▸ Task statement:
With pictures left out, output exactly the lines from the line holding "Шлюпочная палуба |" through the end of the data, both included.

▸ Dataset section:
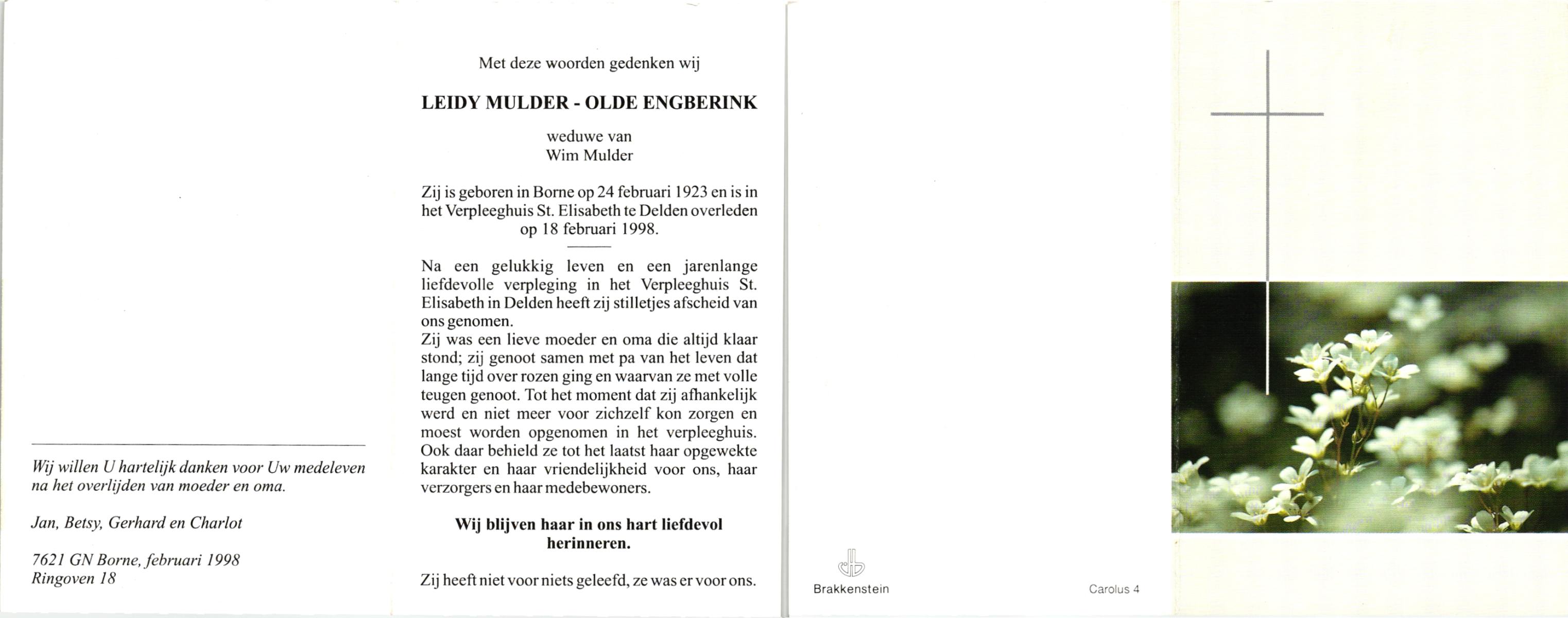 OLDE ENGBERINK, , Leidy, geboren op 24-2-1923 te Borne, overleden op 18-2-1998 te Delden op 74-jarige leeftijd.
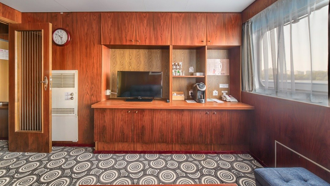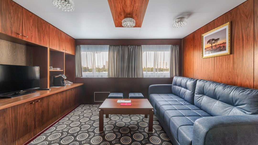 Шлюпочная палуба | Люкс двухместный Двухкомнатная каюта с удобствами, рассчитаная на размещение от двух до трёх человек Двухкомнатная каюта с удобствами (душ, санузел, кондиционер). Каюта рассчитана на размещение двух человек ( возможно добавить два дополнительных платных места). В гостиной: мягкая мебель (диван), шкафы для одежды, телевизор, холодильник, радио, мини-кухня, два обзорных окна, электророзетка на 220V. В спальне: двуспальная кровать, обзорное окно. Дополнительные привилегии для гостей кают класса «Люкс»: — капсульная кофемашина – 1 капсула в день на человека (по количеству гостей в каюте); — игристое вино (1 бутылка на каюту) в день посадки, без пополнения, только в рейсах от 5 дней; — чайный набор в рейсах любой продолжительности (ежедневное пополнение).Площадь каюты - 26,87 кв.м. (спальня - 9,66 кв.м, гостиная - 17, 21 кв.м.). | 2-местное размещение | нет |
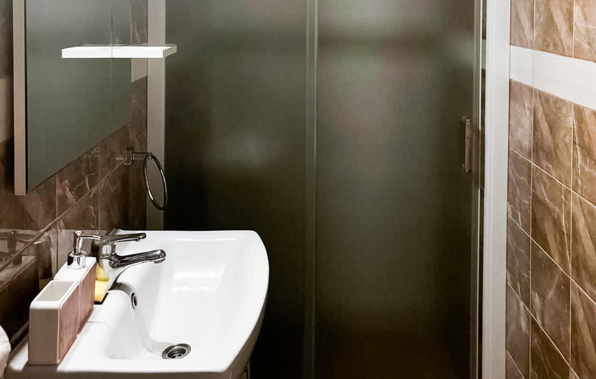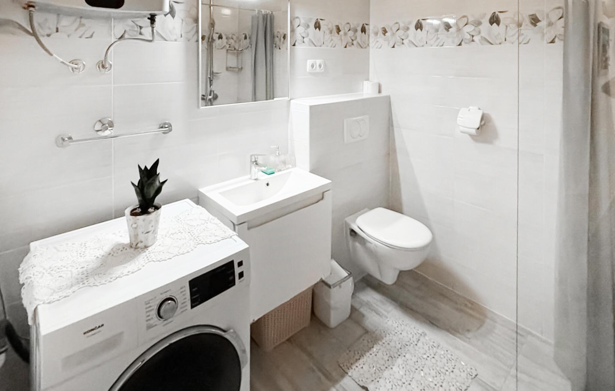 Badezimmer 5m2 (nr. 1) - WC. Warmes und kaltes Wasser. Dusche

▸ Reply:
 Шлюпочная палуба | Люкс двухместный Двухкомнатная каюта с удобствами, рассчитаная на размещение от двух до трёх человек Двухкомнатная каюта с удобствами (душ, санузел, кондиционер). Каюта рассчитана на размещение двух человек ( возможно добавить два дополнительных платных места). В гостиной: мягкая мебель (диван), шкафы для одежды, телевизор, холодильник, радио, мини-кухня, два обзорных окна, электророзетка на 220V. В спальне: двуспальная кровать, обзорное окно. Дополнительные привилегии для гостей кают класса «Люкс»: — капсульная кофемашина – 1 капсула в день на человека (по количеству гостей в каюте); — игристое вино (1 бутылка на каюту) в день посадки, без пополнения, только в рейсах от 5 дней; — чайный набор в рейсах любой продолжительности (ежедневное пополнение).Площадь каюты - 26,87 кв.м. (спальня - 9,66 кв.м, гостиная - 17, 21 кв.м.). | 2-местное размещение | нет |
 Badezimmer 5m2 (nr. 1) - WC. Warmes und kaltes Wasser. Dusche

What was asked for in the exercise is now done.